Le statut d’auto-entrepreneur (ou micro-entrepreneur) séduit de plus en plus de coiffeurs souhaitant exercer en indépendant. Que ce soit pour de la coiffure à domicile, en location de fauteuil ou en collaboration, ce régime offre une simplicité administrative appréciable. Mais il comporte aussi des limites qu’il faut connaître avant de se lancer.
Conditions d’accès
Pour exercer la coiffure en auto-entrepreneur, vous devez obligatoirement posséder le BP Coiffure ou un diplôme équivalent. Le CAP seul ne suffit pas pour s’installer à son compte : il permet uniquement d’exercer en tant que salarié. Exception : si vous justifiez de 3 ans d’expérience professionnelle effective en coiffure, vous pouvez demander une dérogation auprès de la Chambre des Métiers.
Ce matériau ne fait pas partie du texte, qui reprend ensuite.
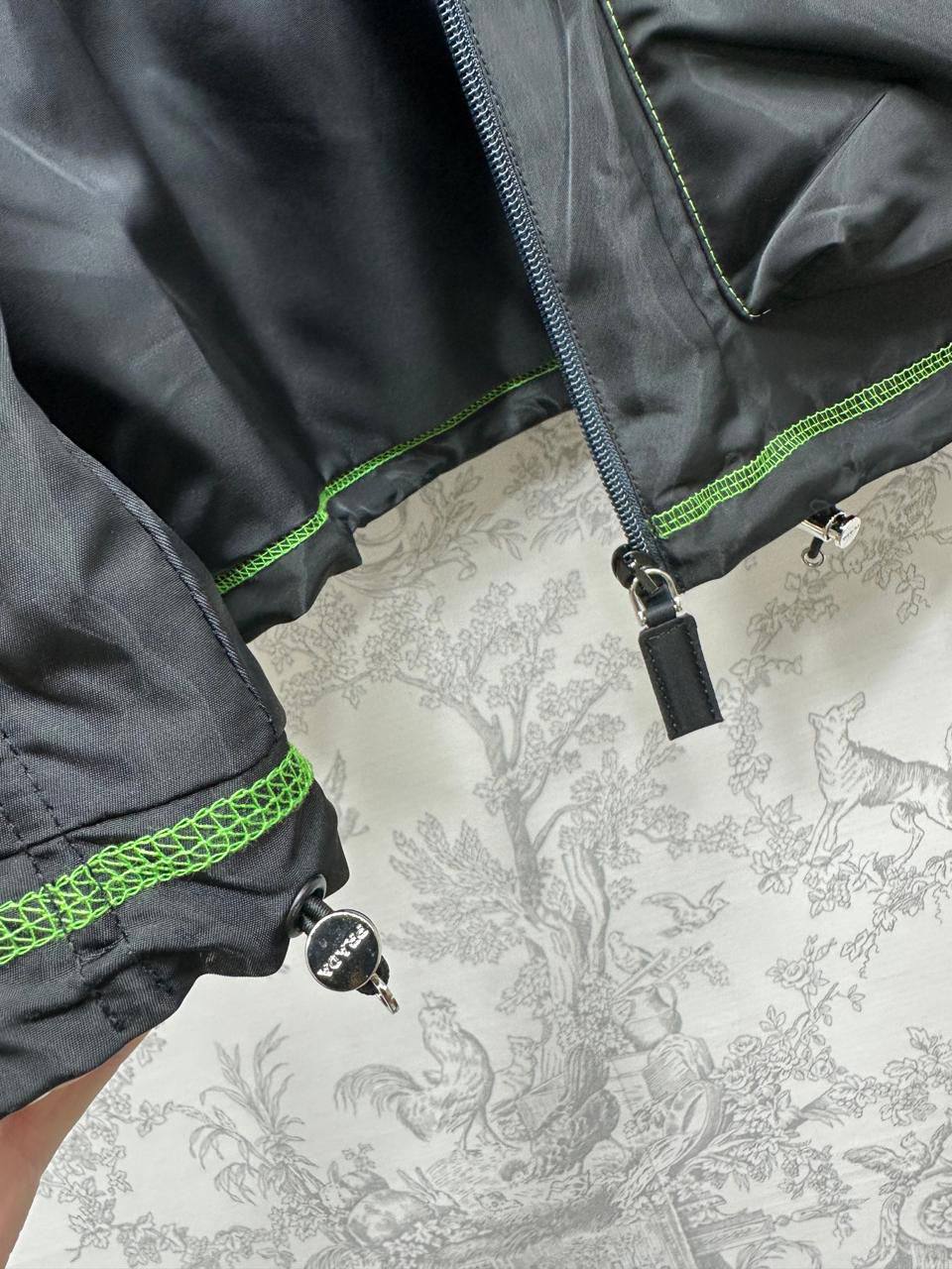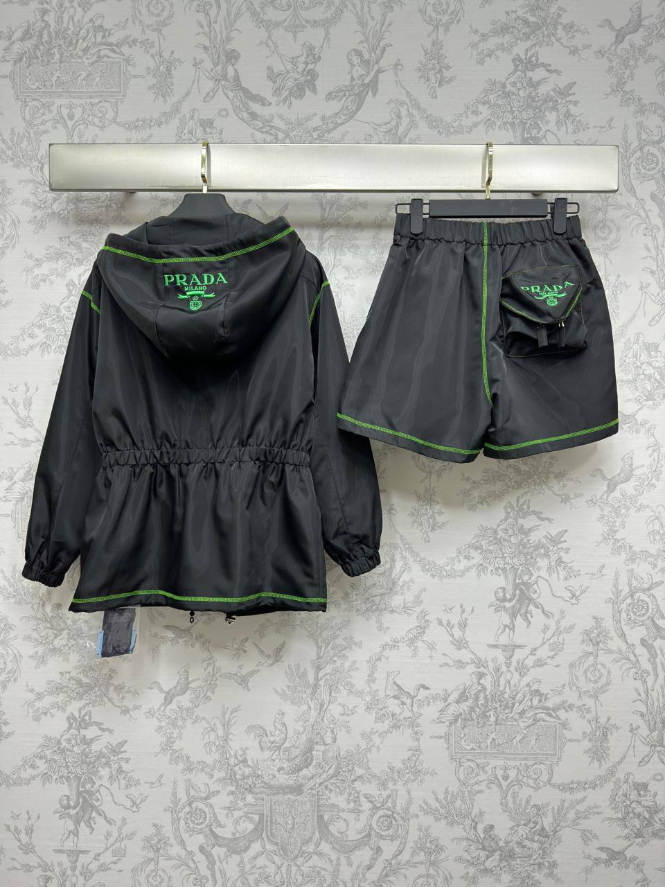 Костюм женский Prada LUX-104040 — это стильный комплект, воплощающий современный спортивный стиль. Он включает в себя куртку с капюшоном и шорты, выполненные в чёрном цвете с контрастными неоновыми зелеными деталями. Этот костюм идеально подходит для создания модных и комфортных образов в повседневной жизни.
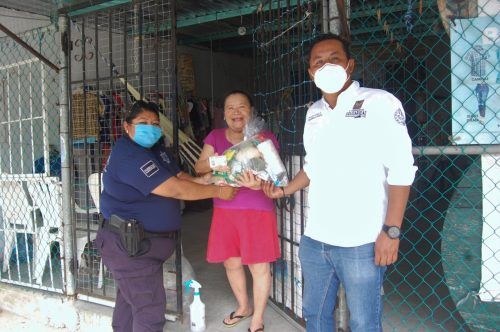 PLAYA DEL CARMEN, Quintana Roo, 6 de julio.-Se hizo entrega de apoyo alimentario y de higiene a los 200 adultos mayores pertenecientes al programa de Vigilantes Ciudadanos, que continúan en sus hogares bajo resguardo, sin acudir a laborar y con goce de sueldo, con el objetivo de proteger su salud y brindarles la ayuda necesaria para afrontar la emergencia sanitaria por COVID-19.

Plafonds de chiffre d’affaires 2026
En tant que prestataire de services artisanaux, votre chiffre d’affaires annuel ne doit pas dépasser 77 700 euros HT. Si vous dépassez ce seuil deux années consécutives, vous basculez automatiquement vers le régime réel d’imposition. La TVA n’est pas facturée tant que vous restez sous le seuil de franchise (36 800 euros pour les prestations de services).
Charges sociales et fiscales
Les cotisations sociales représentent 21,1% du chiffre d’affaires encaissé (après la période ACRE à 10,6% la première année). L’impôt sur le revenu peut être prélevé via le versement libératoire à 1,7% du CA, ou intégré à votre déclaration de revenus classique. Au total, comptez environ 23% de prélèvements sur votre CA avant l’ACRE, et 12% pendant la première année.
Revenus moyens
Un coiffeur auto-entrepreneur à domicile réalise en moyenne entre 1 500 et 3 500 euros de chiffre d’affaires mensuel, soit un revenu net après charges de 1 100 à 2 700 euros. Les coiffeurs en location de fauteuil peuvent atteindre des CA plus élevés mais doivent déduire le loyer du fauteuil (300 à 800 euros/mois selon l’emplacement et les services inclus).